If we really are in a serious financial state (and external analysis rates us as one of the richest countries in the world), then we should focus tax reform on those who pay no tax at all while raking in billions. Newscorp for example, paid no tax at all. Gina Rinehart paid very little tax compared to her income. This is not tall poppy syndrome it is about equity.   Ha ha, thank you for making my point. I envy you for being privy of Gina Rinehart personal income and Newscorp profit and losses. if you think they have broken the law, you should contact crime stoppers. otherwise it is just tall poppy syndrome. You can pay as little tax as you want providing you take the necessary legal steps for it.  
Marc, the information is publicly available, if you care to look around you. So if you want to have an opinion, try to make it an informed one in future.

----------


## Black Cat

And by the way Marc - I also own investment property (or do at present), so I know whereof I speak. I also own just one such property, despite having had the opportunity to build my property empire to the extent you yourself have done. But just because something is legal it does not mean it is moral.

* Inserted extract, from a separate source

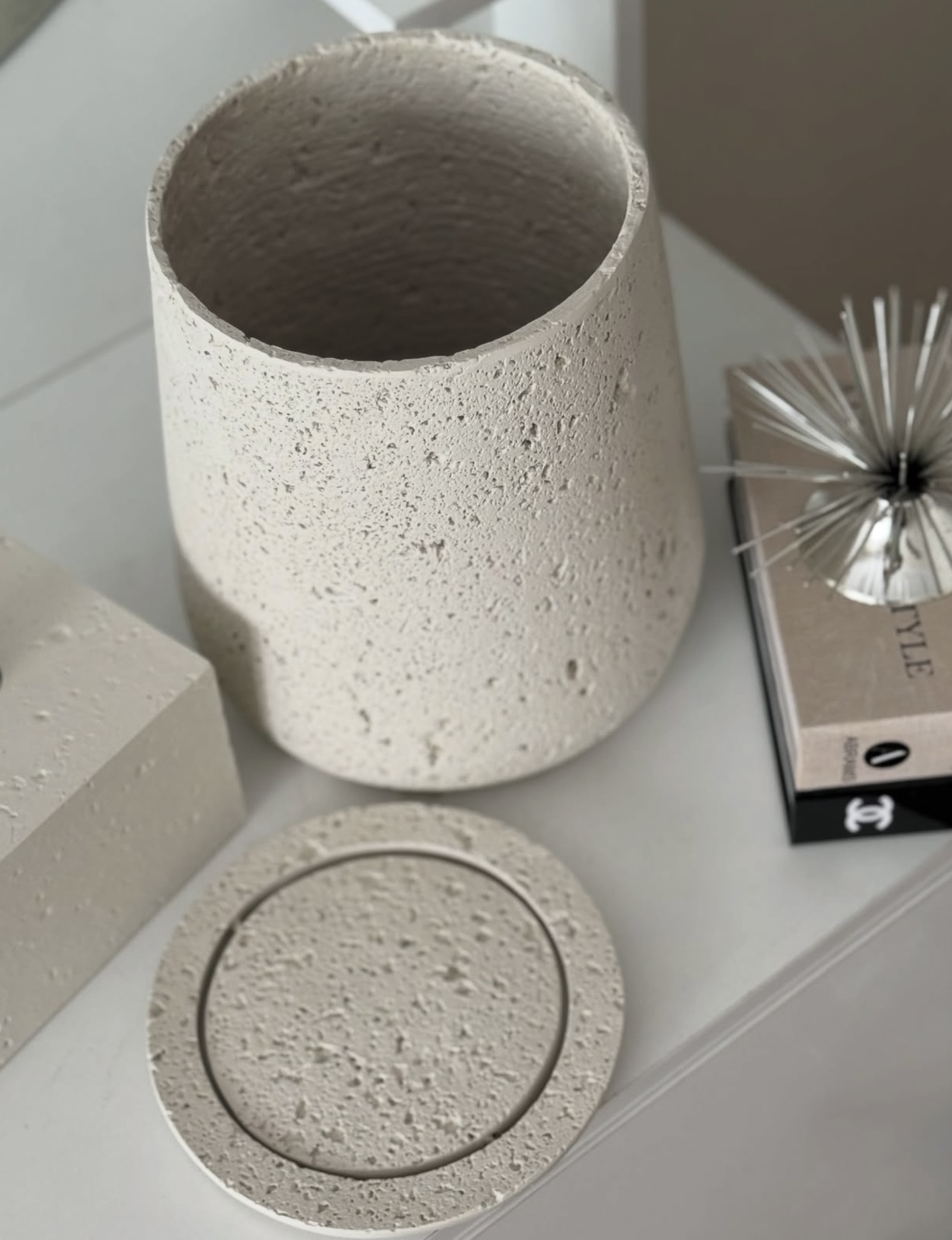 ست سطل و جا دستمال کاغذی و جا پد آرایشی مدل سنگ کد ک۳۸۷۵

And I am afraid I live my life by moral standards, not the dog eats dog approach that rules much of society these days.

----------


## Marc

Yes, I hear you Black Cat, and you are not alone. You ride the moral high ground and therefore are limited. I am immoral and so I can pursue the achievement of wealth. What a load of hogwash. 
And you think your choice is unique, that it is yours that it is original.
It is not your choice, it was made for you and it limits you for no other reason than fear.
But that is another story.  
Negative gearing objections are tall poppy syndrome. And mentioning Gina is just the icing on the cake.

----------


## SilentButDeadly

Marc...your atypical lack of empathy for your fellow human and self righteous indignation at others apathy to your world view is getting you nowhere in the sympathy stakes on this one. 
Personally I'm ambivalent to ending negative gearing and I'm equally ambivalent to CGT...neither apply to me and are unlikely to in the future. 
As for those intellectually lazy enough to blame the tall poppy syndrome for their perceived woes and self conscious fears... HTFU ya sooks! Its not all about you...in fact most of us aren't even aware you exist.

----------


## johnc

Marc I gather sees everything as an attack on himself, while really all of us are that insignificant to the decision making process we are irrelevant to whatever is going to happen. I have property and capital gains are a regular feature in my world, I couldn't give a toss if they end negative gearing and the 50% rebate on CGT is silly in my view as it diverts capital into passive investment and away from the job generation areas of industry and business endeavour. Ultimately I figure I'm worse off long term because of the drag on economic growth as a result of excessive domestic debt. Owners of rental properties don't contribute much to the economy, we have a large pile of vacant property in our capital cities held by buyers who don't wish to rent and are hanging around solely for the capital gain. If taxing those gains forced a bit more of that stock onto the market we might see prices become a little more affordable.

----------


## Spottiswoode

I don't think there is an easy answer. The tax system is so complex that those with the most money can pay accountants to rort it easily, while the rest of us pay a decent share. Realestate prices are a hot topic so it's only natural that the opposition is crowing about doing something about all those fat cats getting rich off the property market while the Aussie dream of owning your own home slips further away for a lot. the media then run with it and the likes of A Current Afair and the tabloids scare 'everyone' into thinking negative gearing rollback is going to cut house prices by 20%. 
why shouldn't an investments costs be part of the business of increasing your own wealth. Sometimes it costs a bit more than the immediate income generated while waiting for the bigger returns later on, which ultimately increase wealth and decrease the burden on the pension system. No one in their right mind goes into an investment with the idea of losing money with out a long term view for an increase in wealth

----------


## Black Cat

> Yes, I hear you Black Cat, and you are not alone. You ride the moral high ground and therefore are limited. I am immoral and so I can pursue the achievement of wealth. What a load of hogwash. 
> And you think your choice is unique, that it is yours that it is original.
> It is not your choice, it was made for you and it limits you for no other reason than fear.
> But that is another story.  
> Negative gearing objections are tall poppy syndrome. And mentioning Gina is just the icing on the cake.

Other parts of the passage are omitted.